Before SMPTE started the standardization process on VC-1, the license fee associated with the mother technology, WM9, consisted entirely of a 10-cent royalty on encoders and decoders, capped at $1 million a year. While users weren't subject to royalties, they were only indemnified for their dime and therefore left vulnerable to patent suits from third-party claimants.
Horn said it was premature to say whether VC-1 licensing terms would resemble those of AVC, but the video industry isn't waiting to find out.
"We've already seen demand far exceed our expectations," said Price, of Harmonic. "We've sold more than 1,500 of these next-gen encoders already."
Modulus Video, also of Sunnyvale, went pure-play AVC with its line of advanced-compression encoders and decoders. Both started shipping last month, said Bob Wilson, chairman and CEO.
"We have been overwhelmed by the market response to AVC," he said.
Like Harmonic, Tandberg Television of Southampton, U.K., offers multicodec encoders. The Tandberg Television models have an activation feature so royalties are levied only on the format used, said Matthew Goldman, director of technology.
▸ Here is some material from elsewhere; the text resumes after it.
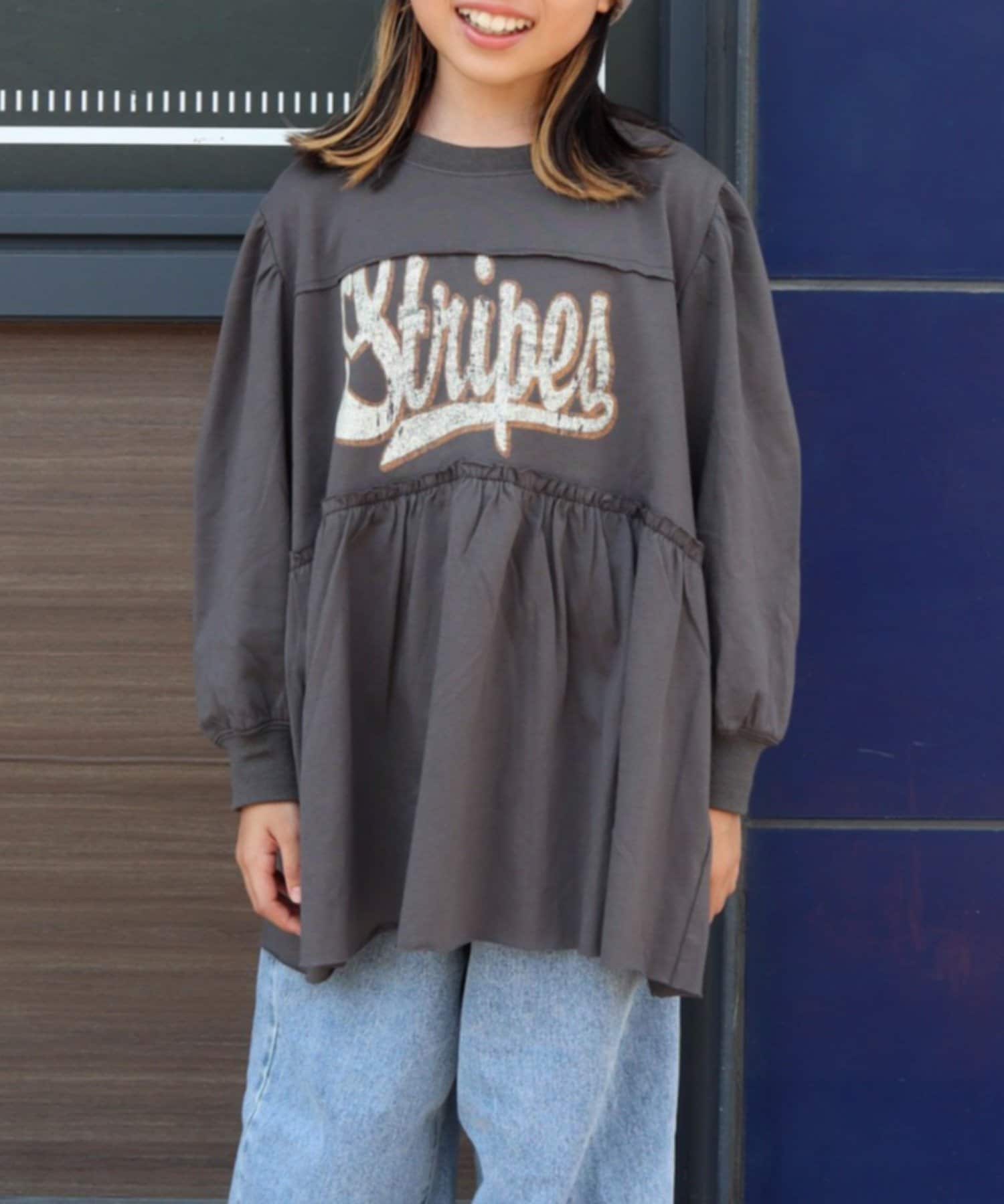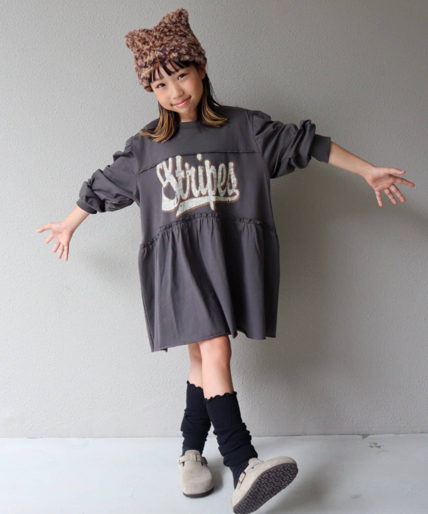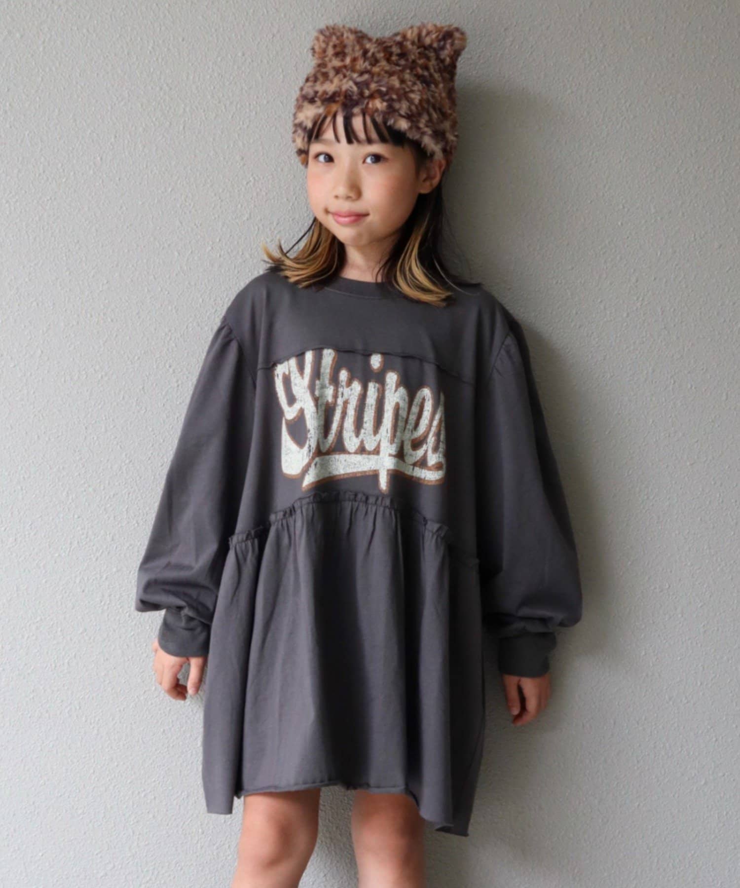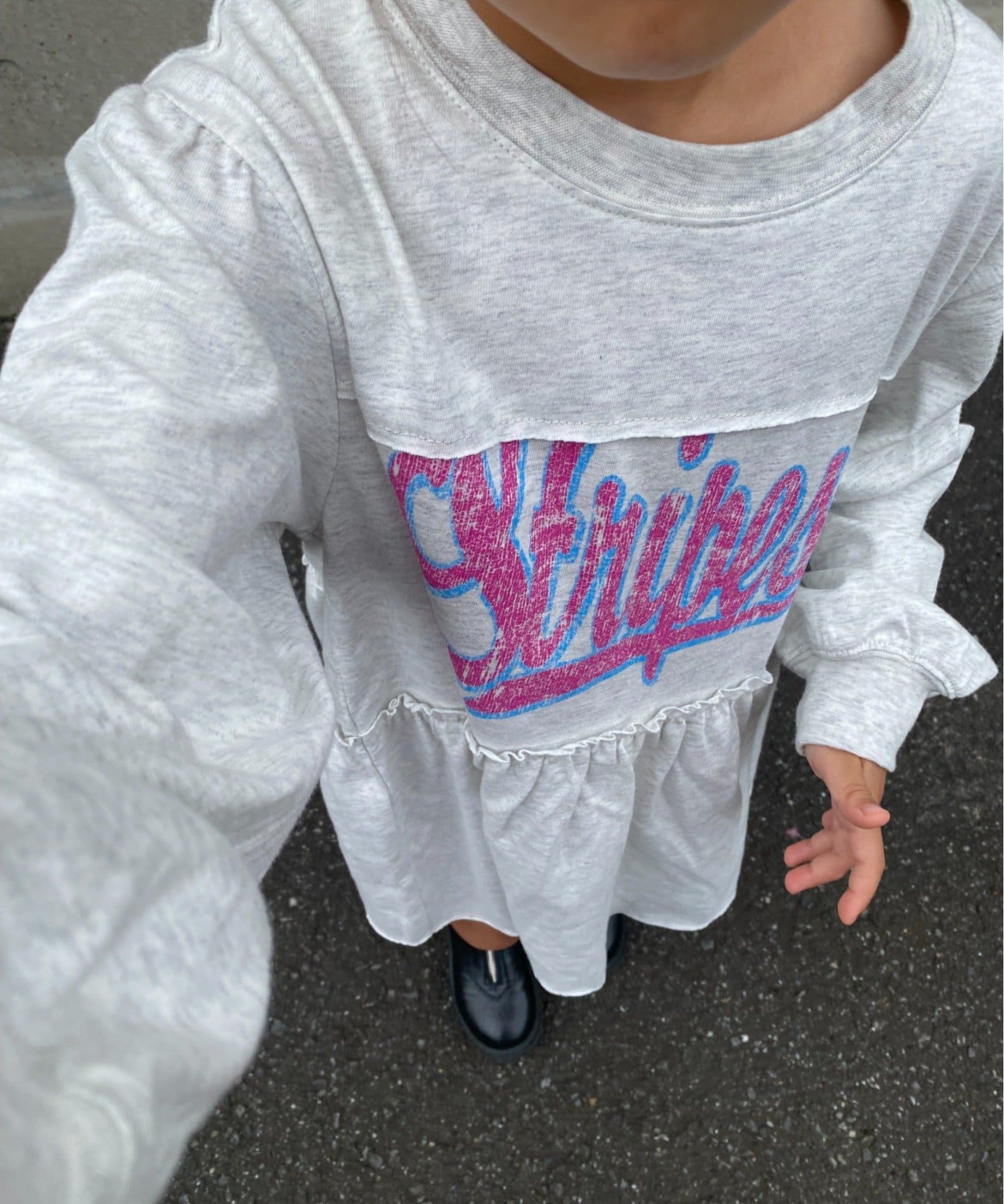 【KIDS】かすれロゴ長袖チュニックミニワンピ

Tandberg Television has two standard-def models using identical hardware, one that comes keyed to VC-1 and the other to AVC. A downloadable license key is available to switch between codecs, and both models simultaneously output MPEG-2 with either AVC or VC-1. Tandberg Television also has two similarly configured HD encoders. Goldman said Tandberg Television would be involved in two pending North American deployments of VC-1 and AVC.
The first big deployments will likely be in set-top boxes for cable and satellite, said Dave Arland, vice president of corporate communications and government relations for Thomson.
Companies making AVC-enabled set-tops include ADB of Poland and Sentivision of Japan. Motorola has announced advanced compression set-tops, but they haven't been deployed, said Paul Alfieri, spokesman for Motorola.
"We showed AVC boxes last summer," he said. "Now that they're done, demand is materializing."
SBC is expected to goose the VC-1 set-top market with its telcoTV initiative. Late last year, the San Antonio, Texas-based telecom announced a $400 million, 10-year IPTV partnership with Microsoft, and a $4 billion plan to connect around 18 million homes to fiber over the next three years. Bell Canada and BellSouth are also testing Microsoft's IPTV application.
Hi-def DVD players, expected to reach stores next Christmas, will represent another wave of deployments. AVC will also show up in handheld devices, such as the Sony Playstation Portable, said Rob Koenen, chairman of the MPEG Requirements Group.
Finally, there's E-VSB, the enhanced DTV transmission format that was the original impetus behind the development of AVC. While it eats up twice the bandwidth of its payload, E-VSB provides a more robust signal and may provide coverage in areas where 8-VSB can't punch through. Broadcasters are developing uses for it, particularly now that the question of codecs appears to be settled.